After a decade practicing law, Flora morphed again. She ran for election as a judge, building, she said, “another level of confidence.” For 20 years, it was “the best job I ever had.”  In her late 60s, she contemplated running for a third term, but it didn’t seem worth it.
“You go senior at 70 and somebody else gets appointed to take your place. So I said no. I had almost a year and a half to think about the next reinvention.”
In reading, The Third Chapter by Harvard sociologist Sara Lawrence-Lightfoot, Flora was struck by her discussion of the “liberation” of this time of life, of “not having the same urgency, not having the same financial pressures, of not having the same ego, and I thought that was very appealing.”

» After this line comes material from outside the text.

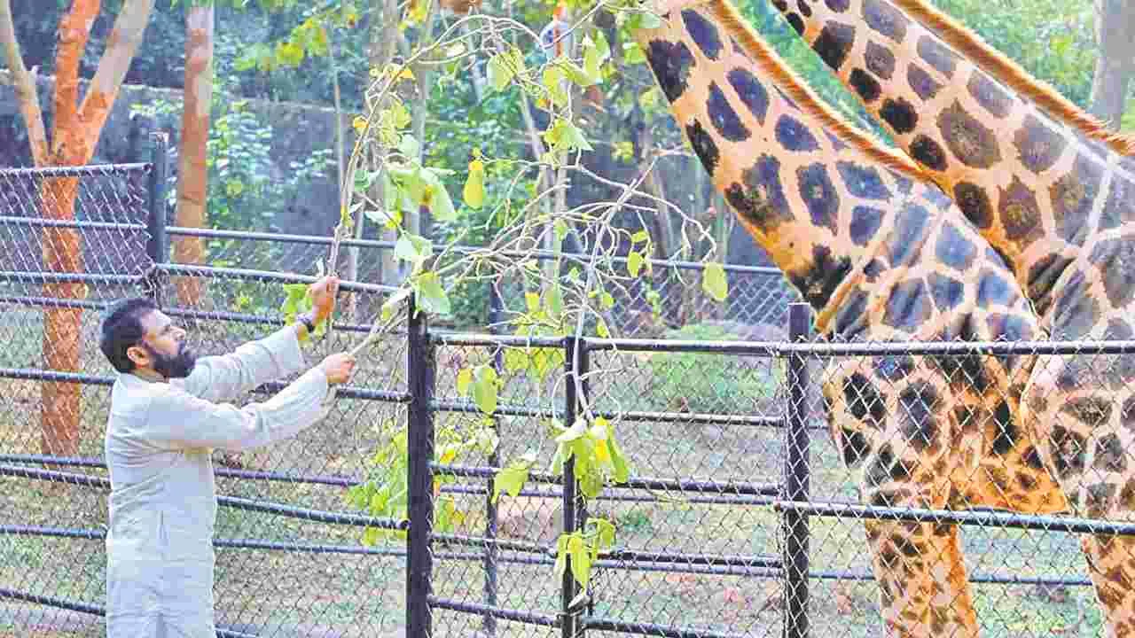 జూలోని రెండు జిరాఫీలను దత్తత తీసుకున్న పవన్

While Flora was determined to work part time on a meaningful project, “my goal for the first day of retirement was to stay in bed all day. My goal for the second day was to go to [the restaurant] Parc and sit in one of the windows and drink cappuccino and be entertained by all the passersby.” 

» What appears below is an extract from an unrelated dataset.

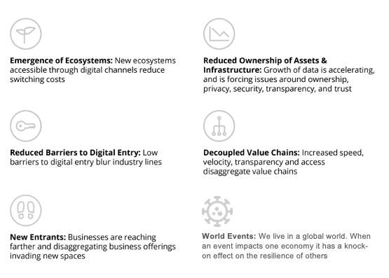 Greater resilience. Disruptive challengers, world events such as Covid-19 and new technologies will continue to shake up customer expectations and processes. A digital business builds resilience by replacing rigid structures and inflexible processes with a workplace culture and infrastructure that can respond and adapt to new demands.
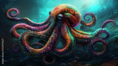 Colorful Octopus in Deep Ocean

Her plan had been to help social workers deal with “dependency” cases in the courts, involving children and families, but with bureaucratic changes, that idea went out the window.
Instead, serendipity flew in. And Flora was ready to embrace it. Or rather, him.
“I didn’t know that I would find a new relationship, and that we would travel together. It’s been an enormous pleasure. We went to India last year,” she said.
A year and a half into her transition, she’s still finding her way.
Yes, she’s on too many boards and committees – something she says she’ll “have to sort out.”
And no, she isn’t spending time at her desk. “I really need to spend an hour or two every morning doing the computer stuff, doing the reading, doing the paperwork I avoided for the last 50 years. And perhaps I will.”
And yes, there are things about her job she misses.
“I miss the work. I miss the responsibility -- occasionally.
“I miss my friends, but I still have lunch with them -- occasionally.

“It’s a good thing that we get two years in which to figure this out because I’ve now used up a year and a half of my transition time. I have to say it’s been one of the happiest times in my life so far...We’re getting ready to go to France. We’re going to study French. And when I come back I’ll find that project and save some small part of the world.”
Flora closed her remarks by reading from the poem “Ulysses” by Alfred Tennyson:

Come, my friends, ‘Tis not too late to seek a newer world. 
Push off…To sail beyond the sunset... 
Though much is taken, much abides; and tho’
We are not now that strength which in old days
Moved earth and heaven that which we are, we are;
One equal temper of heroic hearts,
Made weak by time and fate, but strong in will
To strive, to seek, to find, and not to yield.